[PROBLEM]: Copy out exactly the lines below that run from the one holding "- The kit includes" to the one holding "Diets.ru Итоги 8 взвешивания от 03.05.16", keeping both of those lines and no others.

[DATA]:

┄┄┄┄┄┄┄┄┄┄┄┄┄┄┄┄┄┄┄┄

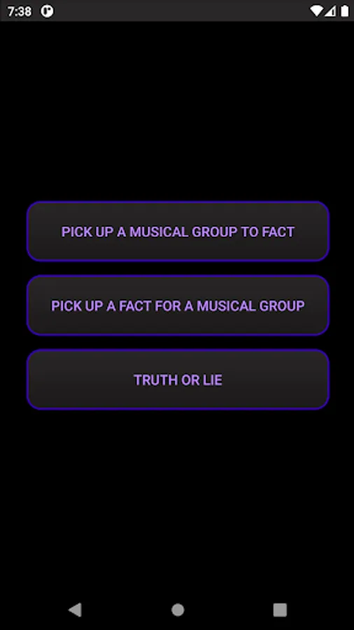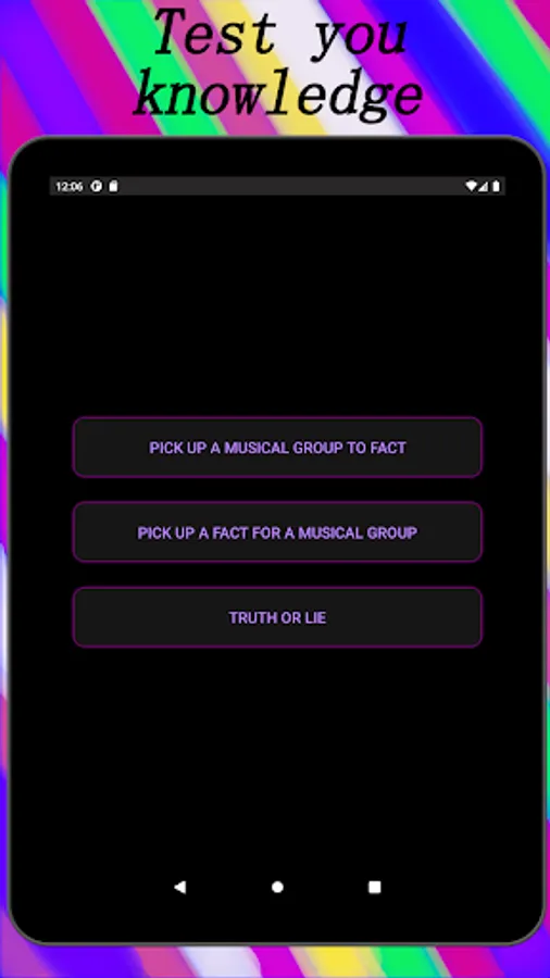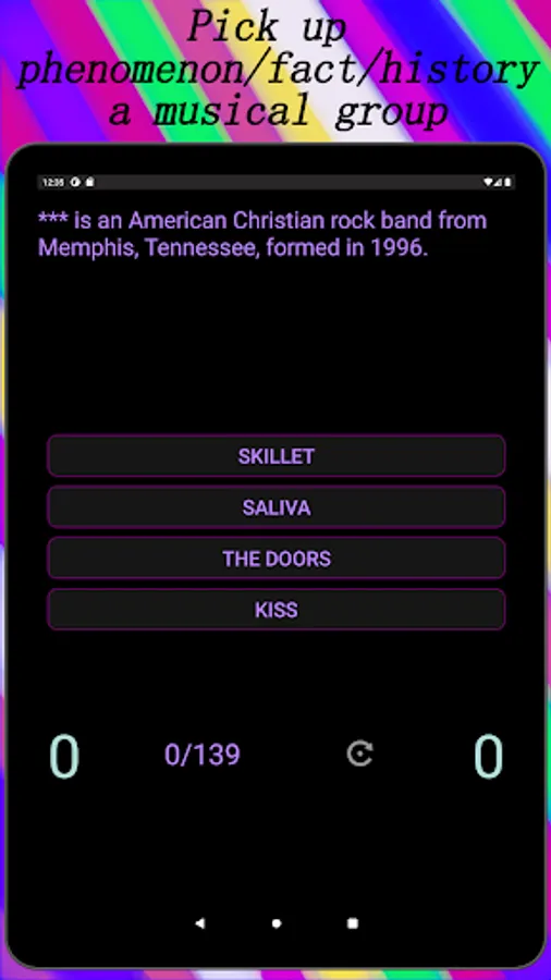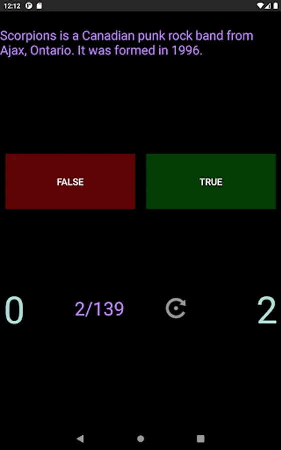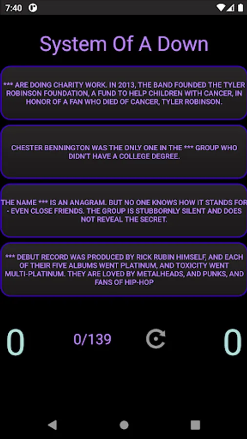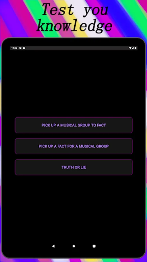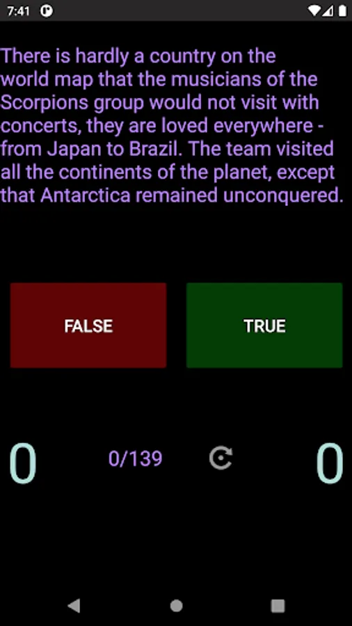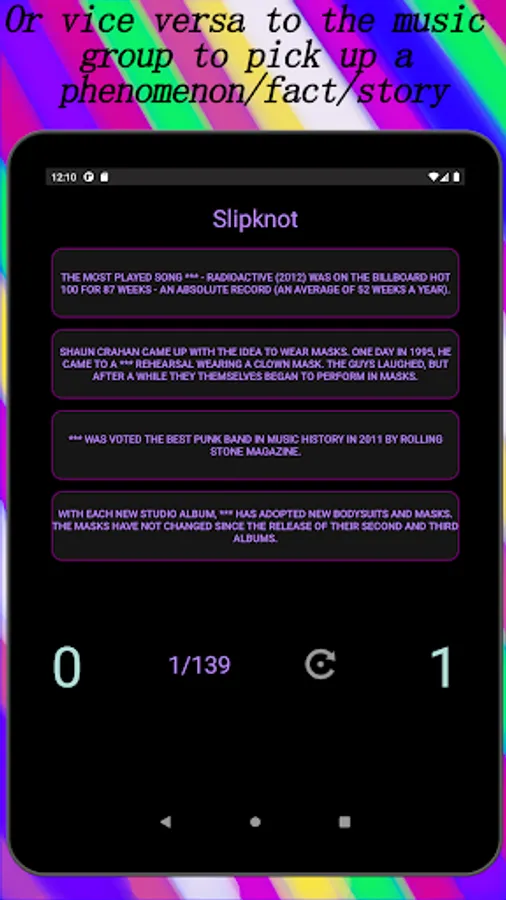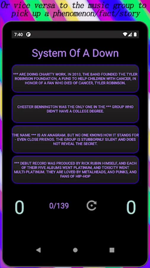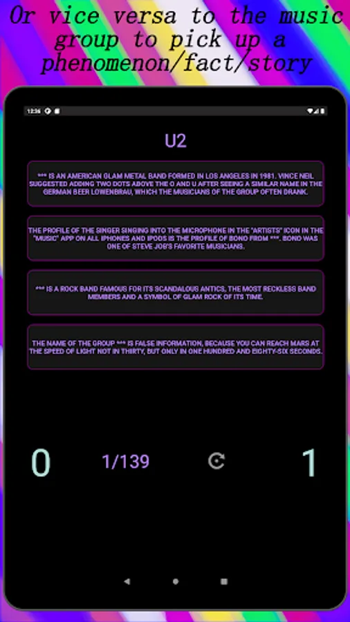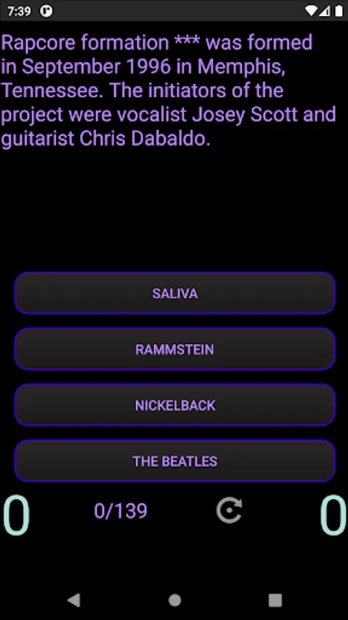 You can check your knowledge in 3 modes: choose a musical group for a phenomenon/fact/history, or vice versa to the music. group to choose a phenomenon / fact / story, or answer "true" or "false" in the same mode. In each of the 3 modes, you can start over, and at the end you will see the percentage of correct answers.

┄┄┄┄┄┄┄┄┄┄┄┄┄┄┄┄┄┄┄┄

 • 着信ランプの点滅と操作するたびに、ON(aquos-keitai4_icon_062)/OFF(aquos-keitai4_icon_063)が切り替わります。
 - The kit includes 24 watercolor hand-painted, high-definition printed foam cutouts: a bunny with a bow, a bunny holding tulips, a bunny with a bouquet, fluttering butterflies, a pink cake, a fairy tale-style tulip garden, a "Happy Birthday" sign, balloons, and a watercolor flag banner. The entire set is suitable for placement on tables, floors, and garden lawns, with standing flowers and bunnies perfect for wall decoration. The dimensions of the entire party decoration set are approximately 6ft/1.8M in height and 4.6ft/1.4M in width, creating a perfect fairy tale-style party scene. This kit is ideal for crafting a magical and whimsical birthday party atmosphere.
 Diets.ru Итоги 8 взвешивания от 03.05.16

┄┄┄┄┄┄┄┄┄┄┄┄┄┄┄┄┄┄┄┄

[RESULT]:
 - The kit includes 24 watercolor hand-painted, high-definition printed foam cutouts: a bunny with a bow, a bunny holding tulips, a bunny with a bouquet, fluttering butterflies, a pink cake, a fairy tale-style tulip garden, a "Happy Birthday" sign, balloons, and a watercolor flag banner. The entire set is suitable for placement on tables, floors, and garden lawns, with standing flowers and bunnies perfect for wall decoration. The dimensions of the entire party decoration set are approximately 6ft/1.8M in height and 4.6ft/1.4M in width, creating a perfect fairy tale-style party scene. This kit is ideal for crafting a magical and whimsical birthday party atmosphere.
 Diets.ru Итоги 8 взвешивания от 03.05.16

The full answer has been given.